Saturday, April 27

Run/Walk 2:1 Endurance Intervals

I think endurance training was a success today! I ran 5.9 miles before my knees and hamstrings started complaining and I stopped.

I completed 23 sets of 1-minute run and 2-minute walk intervals in 69 minutes. This means I was only running a third of the time, but I still managed to average an 11:41-minute mile! But as I've stated before, the objective is distance, not speed, and I am very happy with my 5.9 miles today.

Worse case scenario, I just do endurance intervals for my leg of the marathon relay...

Friday, April 26

Two-Day Tin [Wo]Man

So yesterday, I woke up sooo sore! Wowza. But I had anticipated this, which is why I scheduled "stretch yoga" in my training plan. It took awhile, though, before I made the time to do the hour-long P90X stretch session. I felt much better afterward. Still a bit sore, but at least less tin-man like.

This morning, I still woke up sore! As planned, I have taken the entire day off of exercise. I definitely needed the 72-hour break between scheduled runs to recover from the first one! Let's hope it's long enough - I need to get in some endurance training tomorrow.

Wednesday, April 24

Flying Farmers

Yesterday, I get a text from my friend Danielle that says: "Do you run? Alex is trying to get a relay team together for fargo marathon." I'd never considered a relay for a marathon before, but that seems like a way more likely accomplishment in my life than running a full marathon by myself. So I ask her when it is. ...it's May 18th, less than 4 weeks away.

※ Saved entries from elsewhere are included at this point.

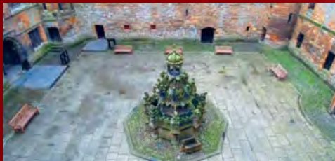
3 Linlithgow Palace Postcode EH49 7AL

Edinburgh's 'other castle' stars as Bruce's castle and village.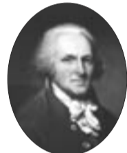
Charles Wilson Peale, self-portrait, oil on canvas, circa 1791. National Portrait Gallery, Smithsonian Institution

RICKETTS'S AMPHITHEATRE. Word that the President and his family were to attend a performance of Mr. John Bill Ricketts's dangerous feats on horseback brought a large crowd this evening to what is called the Circus. The acrobatic performance was held to raise money to buy firewood for the poor during the coming winter. Mr. Ricketts, demonstrating his agility by drinking a glass of wine while on horseback, raised his glass to the health of "The Man of the People." This produced an immediate clap of applause and a loud hurrah from every part of the Circus. Mr. Ricketts has expressed his agreement with those who call General Washington the finest horseman of the age, saying "I delight to see the general ride, and make it a point to fall in with him when I hear that he is abroad on horseback; his seat is so firm, his management so easy and graceful, that I who am a professor of horsemanship, would go to him and learn to ride."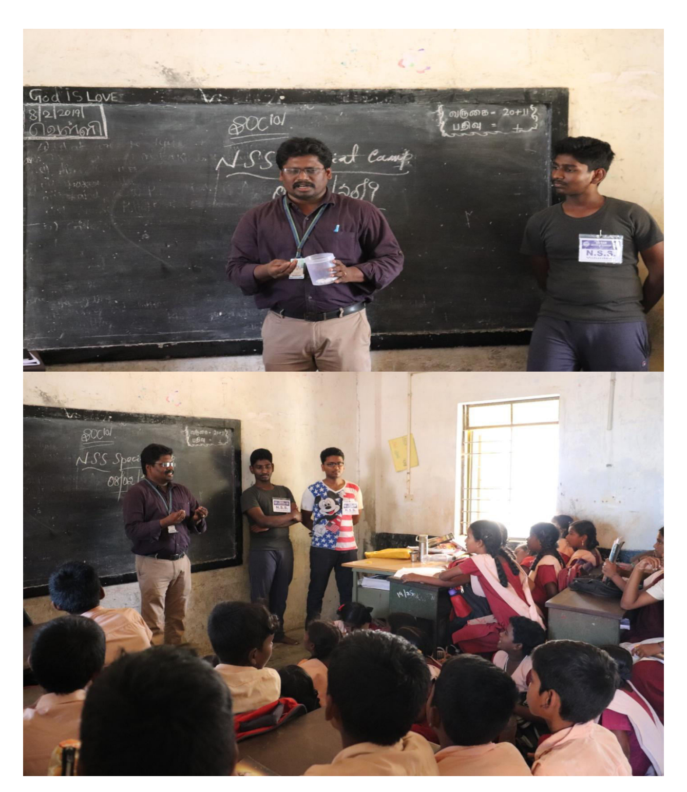
SCIENCE AND GAMES

Place: Government Middle & Primary School Students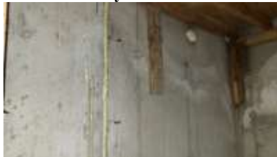
Pic. 26: Professionally repaired foundation crack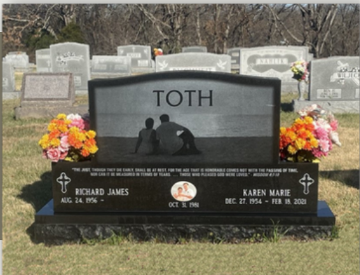
Upright Laser Etching Jet Black St. John's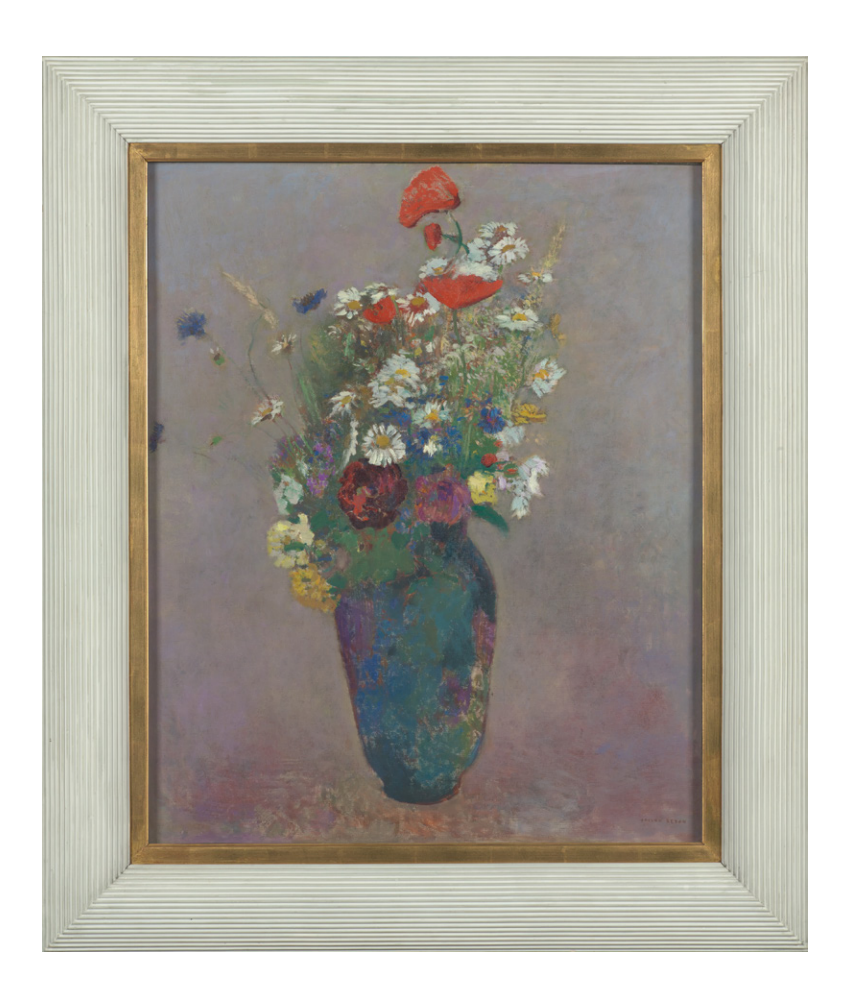
Fig. 11d Vision. Vase of Flowers in its original frame by Boyer

Andries Bonger bought this magnificent flower still life from the artist in 1901 as part of a group consisting of both older and more recent works that, taken altogether, represented 'a complete range' of Redon's art.<sup>7</sup> As usual, Redon had had this painting framed by his regular frame-maker, Boyer, who produced a frame of exceptional quality. It is a so-called Degas frame of white pine, handmade with a profile of reeded wood, called a cadre baguette , and gold inlay (fig. 11d).<sup>8</sup> Redon's choice of a more expensive, handcrafted frame instead of the industrially produced frames he generally used underlines the importance of this work to him.<sup>9</sup> Bonger was jubilant when he received it: 'The big bouquet of flowers in the white frame is wonderful, a sumptuous piece, of the greatest beauty.'<sup>10</sup> Redon replied that 'the definitive effect' of the work was indeed determined by the frame.<sup>11</sup> Both artist and collector were so happy with the frame that they had an identical one made for the other first-rate flower painting of the same format, which Bonger had purchased from Redon the year before.<sup>12</sup> The paintings hung as pendants in Bonger's home.<sup>13</sup>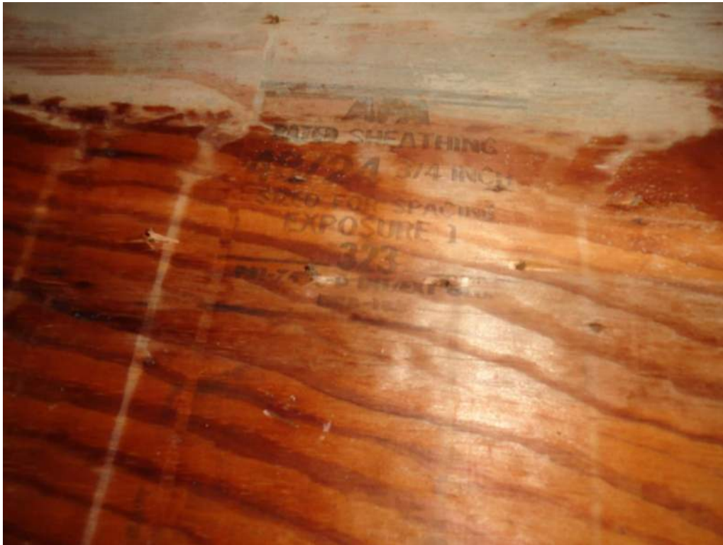
3. Roof Deck Attachment – 3/4" Plywood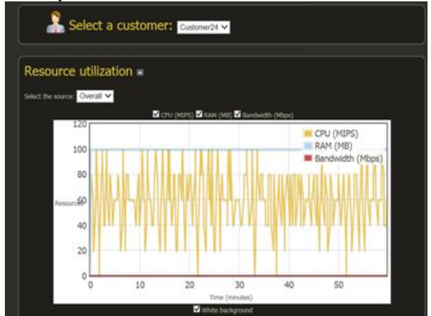
Fig. 2: resource utilization by a user

8.1 Client Computation Cost in terms of above mentioned metrics: Consider two customers (Customer24 and Coustomer1) with 5 and 6 virtual machines (VM) for each user. The fig. 2 shows the resource utilization of all the VMs for Customer24. And the fig. 3 shows the execution time of the user Customer24 in the cloud. This shows that we can securely store the data in the cloud.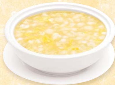
S8. 雞茸粟米羹 Corn Soup w. Minced Chicken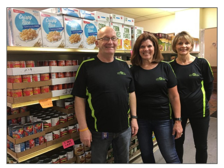
Volunteers chatted with lots of folks at the Springboro Expo 2019 about the Pantry mission.

I was finally persuaded into signing up with the relay after being assured it was just for fun, and it would be fine if I ended up walking most of it.

This morning I woke up to a flood a texts deliberating over what our relay team name should be. It was finally decided: Flying Farmers. I won't even get into why that name does or does not fit.

I decided it would be a good idea to see where I'm at, running wise. It's been almost a full year since I've consciously exercised!

This morning, I ran 3.1 miles in 38 minutes...then walked the 2 miles more home, since I was a bit optimistic when I plotted out the route I was to take. Our puppy Byron came with me. It was his first time on a run - ever. And I was surprised. He never lagged behind! New running partner?

Each person in the relay is responsible for 6-8 miles, which means, I'm just barely half-way to the minimum distance right now.

To avoid injuring myself, I've developed a training schedule. The objective is to gain miles, not speed. If you do both at the same time as a runner, it is a recipe for injury!!!

  • 04/24 - Run (nonstop, easy pace for as far as possible)
  • 04/25 - Stretch yoga (to relieve those sore muscles!)
  • 04/26 - REST DAY
  • 04/27 - Run/Walk 1:2 (alternate 1-min. run with 2-min. walk for as far as possible or up to 8 miles, whichever is less)
  • 04/28 - 30 min. Bike or Aerobic Dance
  • 04/29 - Run
  • 04/30 - Stretch yoga
  • 05/01 - REST DAY
  • 05/02 - Run/Walk 1:1
  • 05/03 - 30 min. Bike or Aerobic Dance
  • 05/04 - RUN OR DYE 5K FUN RUN
  • 05/05 - 30 min. Bike or Aerobic Dance
  • 05/06 - Run
  • 05/07 - Stretch yoga
  • 05/08 - REST DAY
  • 05/09 - Run/Walk 2:1
  • 05/10 - 30 min. Aerobic Dance or Swim
  • 05/11 - Run
  • 05/12 - Stretch yoga
  • 05/13 - REST DAY
  • 05/14 - Run/Walk 3:1
  • 05/15 - 30 min. Swim
  • 05/16 - Run/Walk 4:1
  • 05/17 - Stretch yoga
  • 05/18 - MARATHON RELAY RACE DAY!!!